Margot misunderstood her daughter’s reaction, the sadness within almost overwhelming. She set the envelope on a nearby table. “Well, it’s there when you’re ready, I guess.” She stepped forward, taking Braxton into a final hug, ready to pull away from the limp body when suddenly fingers of iron dug into her back as Braxton’s arms flew up and around her.
“No!” Braxton cried, realization finally hitting her heart. “No! You can’t go! No!” She pulled away, holding her mother by the shoulders. “We can hide you,” she whispered desperately. “You did nothing wrong. We can hide you!”
Margot shook her head, her hand reaching up to palm her daughter’s tear-streaked face. “No, honey, I did do wrong. I should have left your father years ago rather than doing what I did.” She smiled big and bright, her heart light and conscience clear. “Honey, it’s okay. Don’t cry for me.” She brushed the tears away with her thumbs. “I’m free, Braxton. Don’t you understand? I’m free now.”
Braxton could barely see through her tears now as her mother hugged her one more time. The younger woman buried her face in the warmth of Margot’s neck, her entire body heaving with sobs. “Just when I got you you’re leaving,” she cried, the little girl inside clutching desperately at her momma.

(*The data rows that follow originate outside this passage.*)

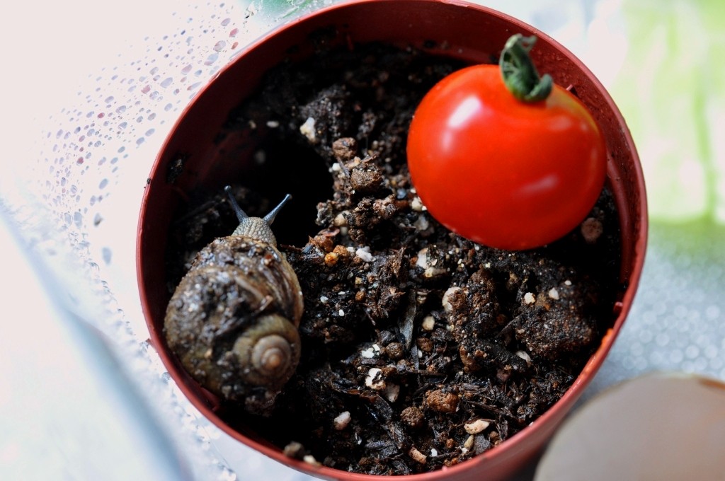 庭に出ると天敵のマイマイカブリがいるし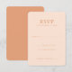 This wedding RSVP card features a minimalist design with a soft peach background and dark brown text, creating an elegant and inviting aesthetic. The layout is clean and organized, with ample spacing between sections for easy readability. Serif fonts add a touch of sophistication, while the customizable fields allow for personalization without cluttering the simple composition. Perfect for conveying gentle urgency and formality, this card is ideal for couples seeking a modern yet understated invitation style.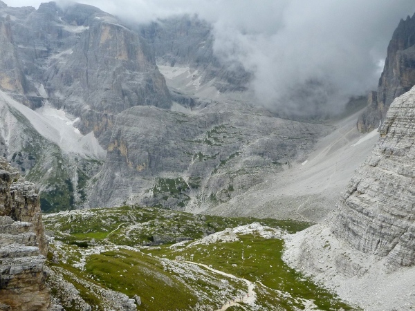 Vor 200 Millionen Jahren war hier noch Meer. Die Dolomiten bestehen im Wesentlichen aus Kalkablagerungen. Beim Zusammenprall der afrikanischen und europäischen Kontinente entstand dann dieses bizarre Gebirge. Das Ganze ist recht instabil. Durch Erosion und Frost kommt es immer mal wieder vor, dass Felsteile in sich zusammenbrechen.

Margot’s eyes squeezed shut. “I’m here, my baby. I’ll always be here. I love you.” She pulled away, unable to take the anguish she could hear in Braxton’s voice. In that voice she heard the cries of the baby Braxton had once been. She remembered back in those days that all she had to do was rock her, and soon Braxton would fall back to sleep.
Braxton let go as Margot pulled away, backing up toward the two men who stood waiting. She felt as though her entire world were crashing around her feet, and her legs nearly fell out from beneath her. Strong arms wrapped around her from behind, and Braxton sank into them, back against a solid body.
Still crying, Braxton watched as the police officer quietly read Margot her rights, turning her so her back was to him as he brought slim wrists to her lower back, placing metal cuffs around each one. Margot looked over her shoulder at Braxton one last time, a smile upon her lips and peace in her eyes. She looked at her daughter as long as she could until she was led out the front door and back out into the rain, the detective’s umbrella once again shielding Margot from the rain.